▶ **EXCERPTED DATA**
▶
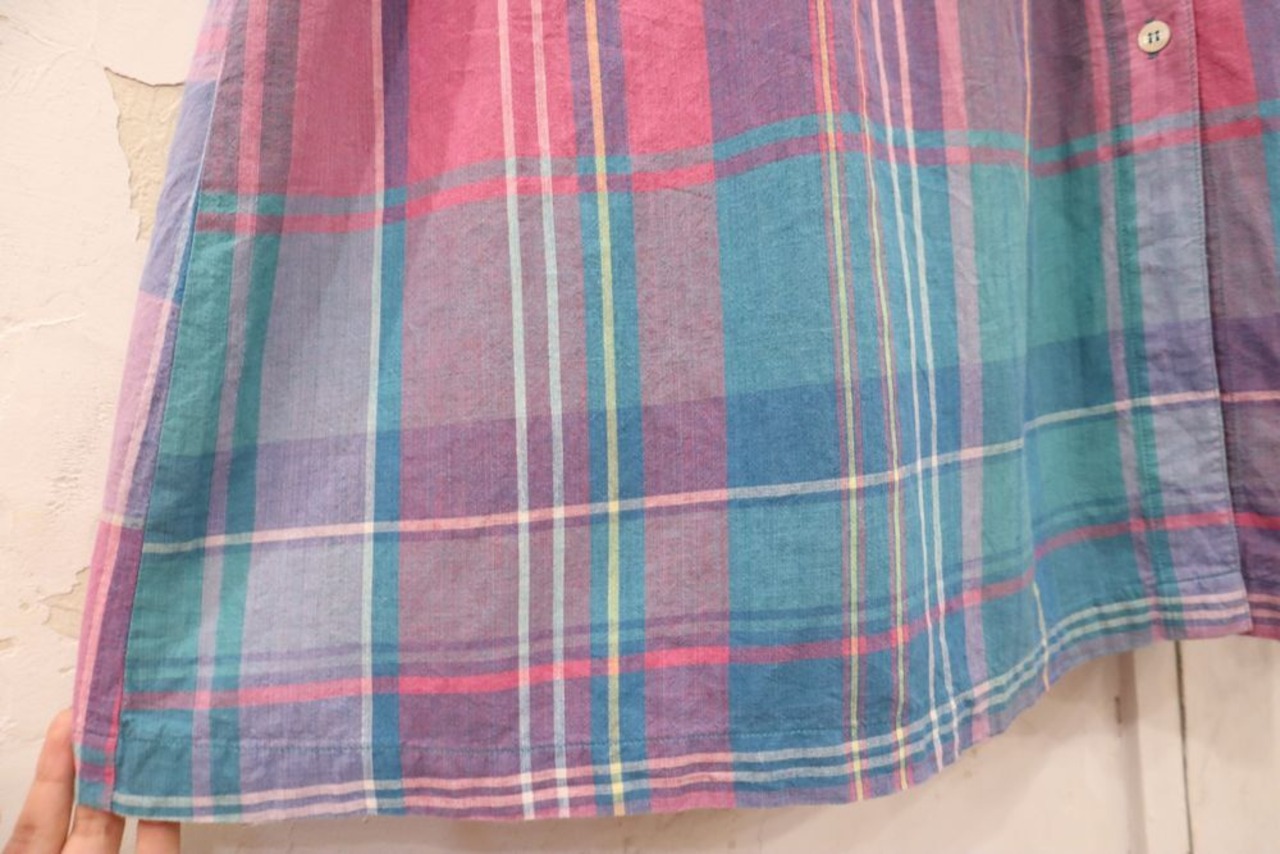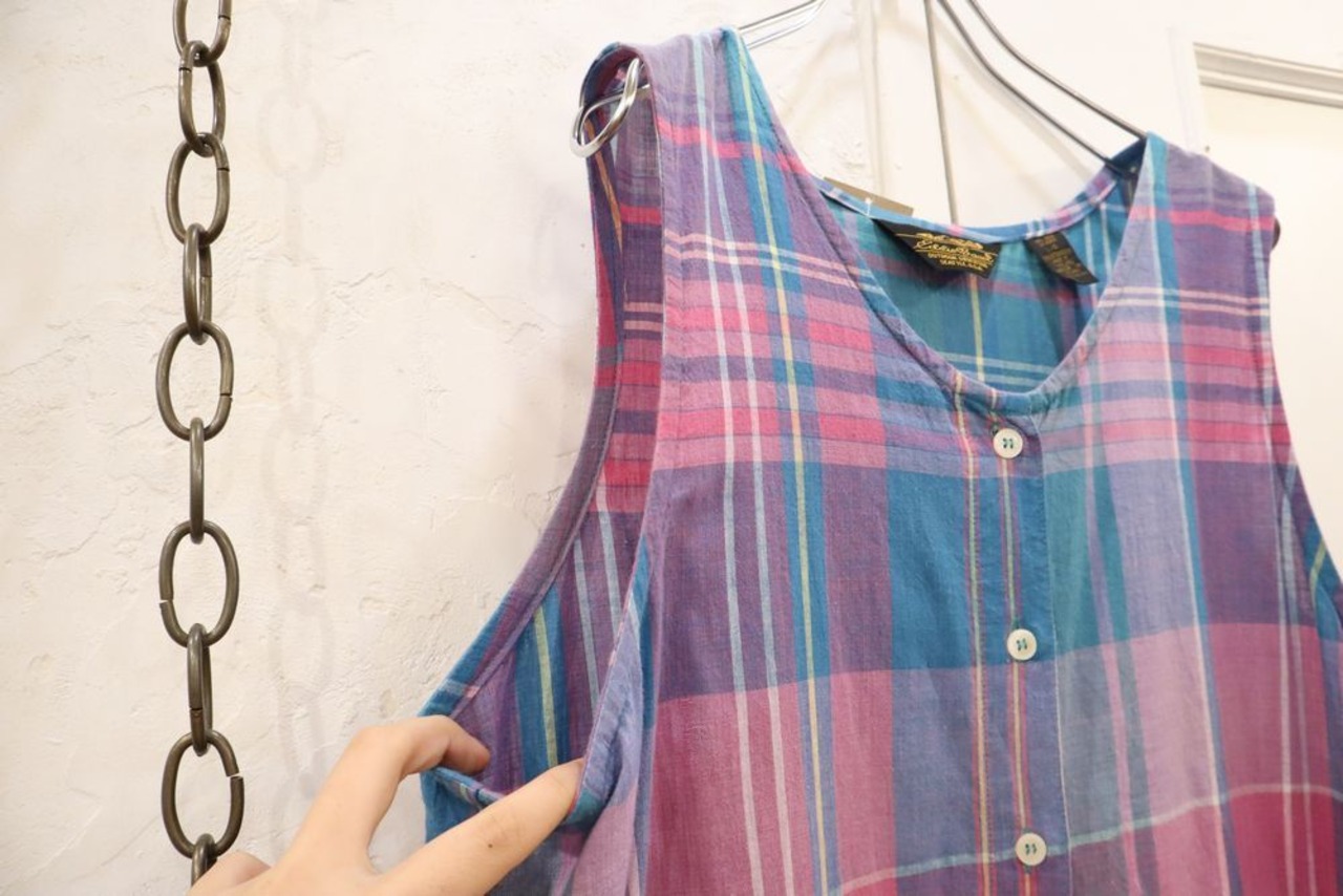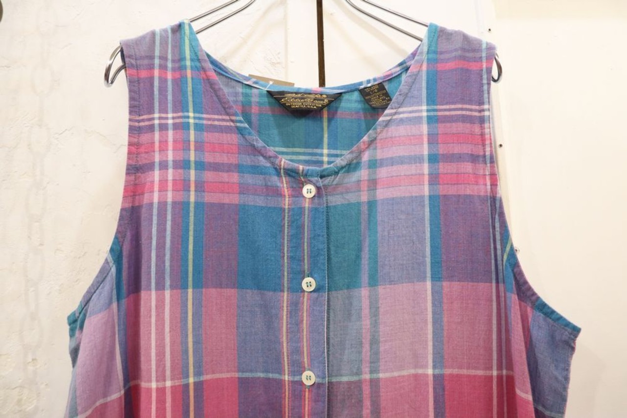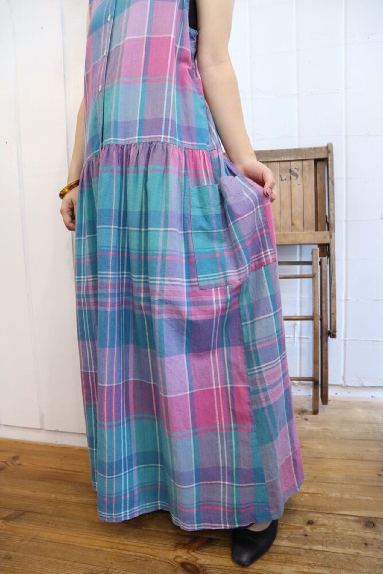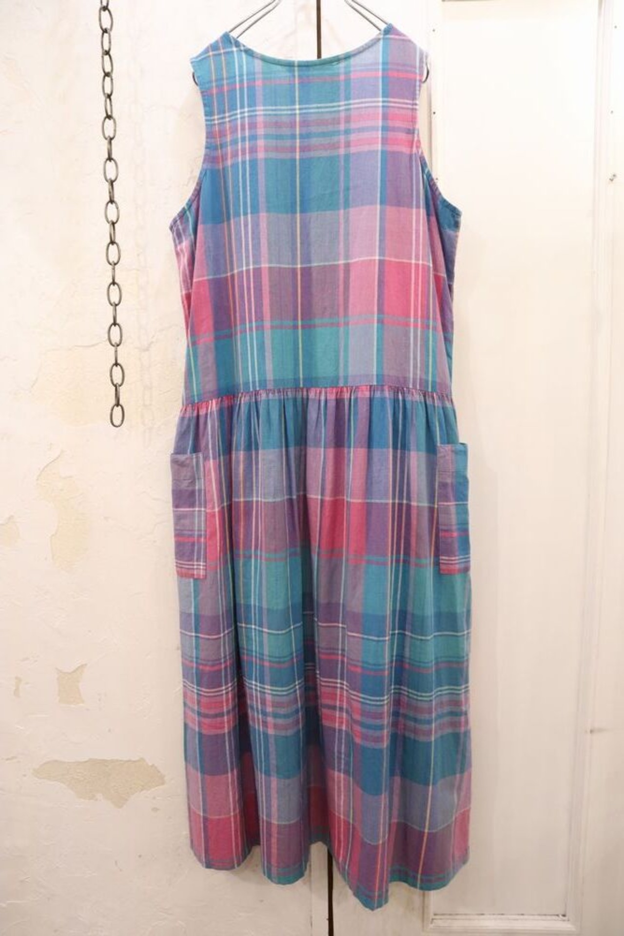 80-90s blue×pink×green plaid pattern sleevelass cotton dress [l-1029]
◀
▶
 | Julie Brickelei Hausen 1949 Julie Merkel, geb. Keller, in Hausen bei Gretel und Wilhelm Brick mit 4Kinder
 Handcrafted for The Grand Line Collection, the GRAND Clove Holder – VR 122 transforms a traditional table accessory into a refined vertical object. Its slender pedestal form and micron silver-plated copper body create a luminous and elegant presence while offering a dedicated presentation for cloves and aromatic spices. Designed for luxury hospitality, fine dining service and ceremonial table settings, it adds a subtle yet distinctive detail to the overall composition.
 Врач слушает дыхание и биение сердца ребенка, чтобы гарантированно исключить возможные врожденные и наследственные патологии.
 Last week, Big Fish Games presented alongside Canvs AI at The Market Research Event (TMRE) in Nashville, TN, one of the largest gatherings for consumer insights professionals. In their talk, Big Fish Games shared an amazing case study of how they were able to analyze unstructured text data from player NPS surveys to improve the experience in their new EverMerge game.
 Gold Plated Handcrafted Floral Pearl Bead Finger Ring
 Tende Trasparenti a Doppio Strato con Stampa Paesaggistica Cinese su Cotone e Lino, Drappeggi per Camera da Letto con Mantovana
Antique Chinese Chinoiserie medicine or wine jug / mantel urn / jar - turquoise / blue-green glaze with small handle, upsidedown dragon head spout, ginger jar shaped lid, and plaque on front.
◀
In the data above, retype exactly and only the lines between the one holding "Brick mit 4Kinder" and the one holding "Врач слушает дыхание", inclusive.

 | Julie Brickelei Hausen 1949 Julie Merkel, geb. Keller, in Hausen bei Gretel und Wilhelm Brick mit 4Kinder
 Handcrafted for The Grand Line Collection, the GRAND Clove Holder – VR 122 transforms a traditional table accessory into a refined vertical object. Its slender pedestal form and micron silver-plated copper body create a luminous and elegant presence while offering a dedicated presentation for cloves and aromatic spices. Designed for luxury hospitality, fine dining service and ceremonial table settings, it adds a subtle yet distinctive detail to the overall composition.
 Врач слушает дыхание и биение сердца ребенка, чтобы гарантированно исключить возможные врожденные и наследственные патологии.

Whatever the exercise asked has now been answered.